Лидия задумалась над тем, сколько времени потребуется Джонни на то, чтобы прикончить бутылку ирландского виски. Пора переходить к делу.
— Вы знаете, почему я здесь, Эдди. Джонни просил мистера Куиста помочь ему.
— Господи, я так боюсь за него, мисс Мортон. Какой–то сукин сын, извините меня, хочет достать его.
— Расскажите мне о вечеринке с шампанским, где все это началось, Эдди.
Он снова покачал головой:
— Поверите ли, мисс Мортон, что в тот единственный раз, когда он всерьез нуждался во мне, меня там не было? Появилась одна девушка, ради которой он готов был пойти на что угодно. — Эдди усмехнулся. — Он всегда готов был пойти на что угодно ради какой–нибудь куколки, понимаете? Эта девушка и Джонни поспорили из–за пустяков, и она удрала в Акапулько. Джонни послал меня за ней, снабдив письмами, и бриллиантовым браслетом, и какими–то аргументами. Мне предстояло стать Майлзом Стэндишем для Джона Олдена.
Лидия улыбнулась:
— Все совсем не так, Эдди. Вы были Джоном Олденом.

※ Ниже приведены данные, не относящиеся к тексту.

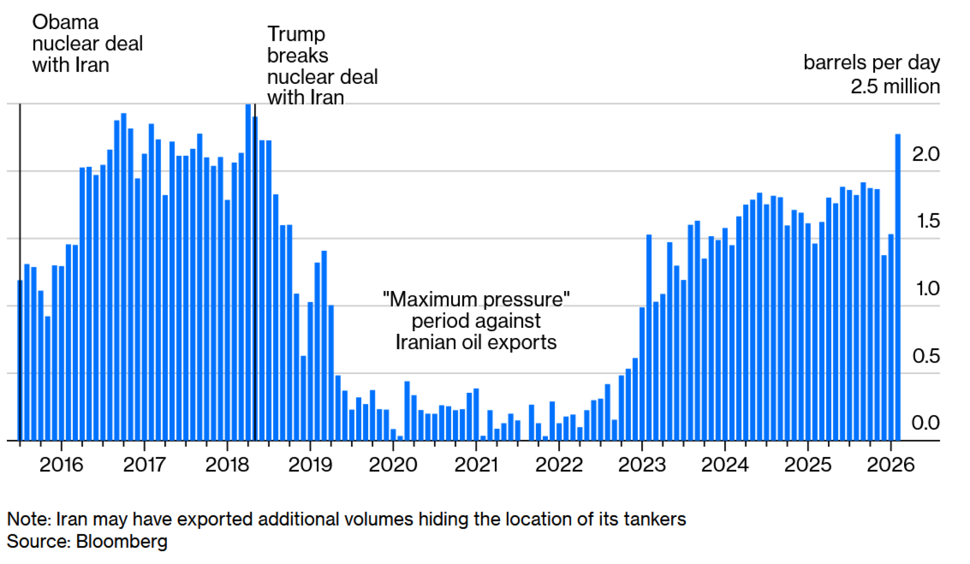 Još 2020.-2021. godine, kada je Trump pokrenuo kampanju "maksimalnog pritiska" naftnim sankcijama, iranski izvoz sirove nafte pao je na manje od 250.000 barela dnevno tijekom nekoliko mjeseci. Čak i ako se uzme u obzir da je dio izvoza prošao "ispod radara", prekomorske isporuke sirove nafte iz te zemlje nisu premašile 750.000 barela dnevno tijekom više od 24 mjeseca, između početka 2020. i sredine 2022. godine.

— Вот как? Что ж, во всяком случае, я попытался пробудить в ней добрые чувства к Джонни. Он не мог сам поехать. Ему предстояло на следующее утро записывать пластинку. Он сделал ее, несмотря на все, что случилось. На следующее утро он записал большой, мигом разошедшийся альбом. Но дело в том, что меня там не было. Если бы я был на месте, ему не пришлось бы звонить Луи Сейболу и Максу Либману. Когда я вернулся из Акапулько, мы несколько дней ждали, что на нас обрушится крыша, но все обошлось.
— Как вам удалось уладить дела с девушкой?
— Ничего не вышло. Это был неудачный уик–энд для Джонни.
Лидия поудобнее устроилась в кресле и закурила новую сигарету.
— Вы знали Беверли Трент?
— Такая сучка, — поморщился Эдди. — Я знал, что от нее будут одни неприятности, в тот самый момент, как увидел. Я предупреждал Джонни. Но она была сложена как Рейчел Уэлш. Он хотел с ней расстаться, и, когда сделал это, она взбрыкнула. Превратила его жизнь в ад.
— О той вечеринке, Эдди!
Он вынул из кармана сигарету, подбросил ее в воздух и поймал губами. Улыбнулся Лидии.
— Один из старых эстрадных номеров, — объяснил он.
Лидия улыбнулась в ответ и тихонько зааплодировала. Он зажег сигарету.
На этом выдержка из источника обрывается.